In respect to LC, several modalities have been identified as good indicators, including CT/PET/MRI scans [
22], clinical/metabolomic biomarkers [
34], and volatile organic compounds [
35]. However, current screening trials, such as NLST, oversimplify LC risk prediction, reducing the cost efficacy due to the primary use of low-dose CT scans. It has been recognised that the pre-test probability can be improved if other clinical biomarkers, such as cancer history, history of other diseases, and asbestos exposure, are used [
36]. This provides evidence on the suitability of multimodal learning for LC classification. However, in contrast to AD, there is a lack of multimodal datasets suitable for the inclusion of these biomarkers. Ref. [
20] utilised the NLST and VLSP datasets and applied a co-learning approach, achieving an AUC (area under curve) of 0.91. However, it was articulated that their approach could be improved with additional CDEs, thus, providing an impetus for the implementation of a novel dataset.
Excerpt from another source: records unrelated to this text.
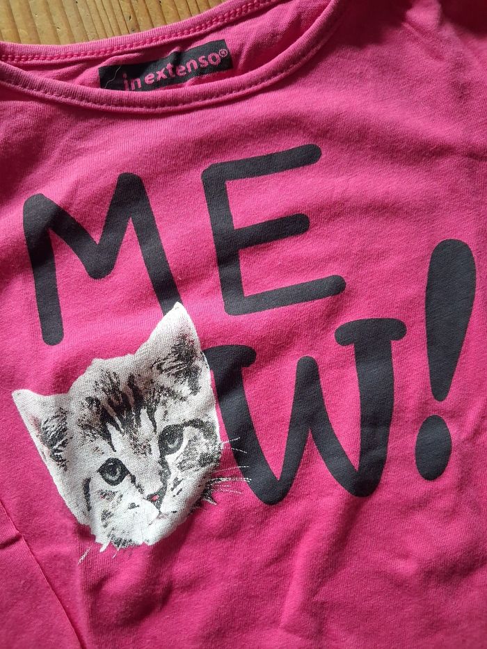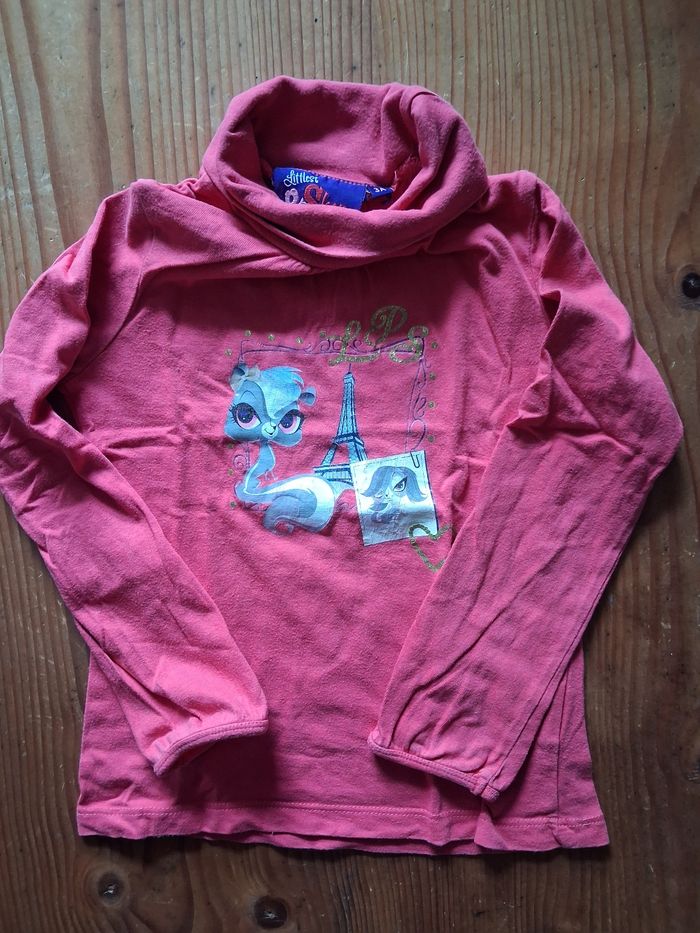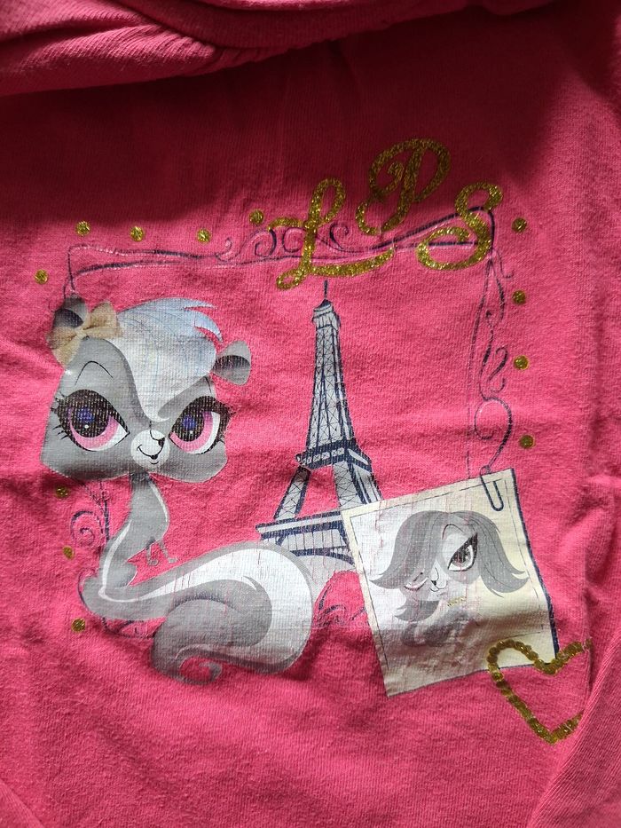 Lot de 3 T.shirts en manches longues - Le fushia : Littlest Pet Shop : un minuscule petit trou sur une des manches (voir photo) - Le rose avec le chat : In Extenso - Le rose : sans marque
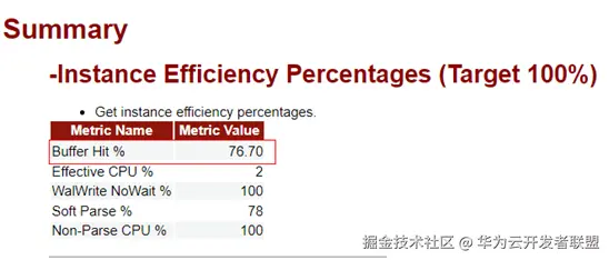 1)共享缓存区不足,导致SQL的buffer命中率低。为了查看相应的性能指标,可以借助GaussDB的管控平台或者WDR报告。通常情况下,TP数据库的buffer命中率应该在99%以上。如果数据库的buffer命中率较低,建议排查数据库的shared_buffers参数设置是否合理(如图11所示)。
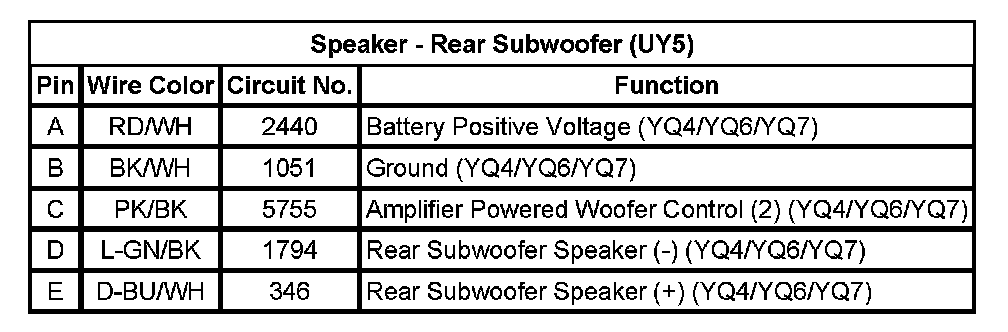 Speaker - Rear Subwoofer (UY5)

The Lung Cancer Screening (LUCAS) dataset, published in 2020, provides 830 samples, including 76 CDEs and CT scans for each patient. This dataset was also presented alongside a benchmark ML architecture with an F1 and AUC score of 0.25 and 0.702, respectively [
37]. More recently, the SAMA model improved this to an F1 score of 0.341 with a standard deviation of 0.058 [
38]. The additional CDE data, despite the smaller sample size, provides a solution to the aforementioned limitation expressed by [
20]. However, the data presented by [
37] lacked clarity regarding the categorical nature of the CDEs. Despite the critical comparison against more established datasets, [
37] offers an alternative dataset to provide an incentive for the development of multimodal ML for LC classification.
While the aforementioned approach proposed by [
33] yielded good results for AD classification, the implementation for LC must be further validated. Ref. [
39] identified that simple concatenation of the output features of unimodal models may lack the depth needed to exploit intermodal interactions. This implies that the implementation presented by [
33] may fail to exploit the full potential of multiple modalities. In contrast, [
16] extracts intermediate features from a pre-trained CNN model. It was identified that extracting these multi-level features from various layers within a CNN provided a richer feature representation and higher AUC than those purely extracted from the last fully connected layer. This richer fusion technique was more effective at exploiting the complex multimodal associations within heterogenous data, and increased the accuracy from 83.6 to 91.1 [
16]. The method presented by [
16] provides an approach which can be applied to the task of LC classification, as demonstrated in the subsequent sections of this study.
Although the argument presented by [
16] highlights the potential benefits of extracting a richer feature representation from the CT scan, there is a requirement to learn a good feature representation in every modality before information fusion. This establishes a need to increase the dimensionality of the CDEs. Ref. [
16] used a denoising autoencoder to achieve this, with an architecture in which the dimension of the encoded layer is greater than the dimension of the input layer. This further questions the validity of the approach used by [
33], as the down-sampling from successive layers within a CNN is also a process of information loss [
16]. Acknowledging the approaches of both [
16] and [
33], the solution presented in this study aimed to improve the feature representation of each modality, prior to fusion, for the task of LC classification.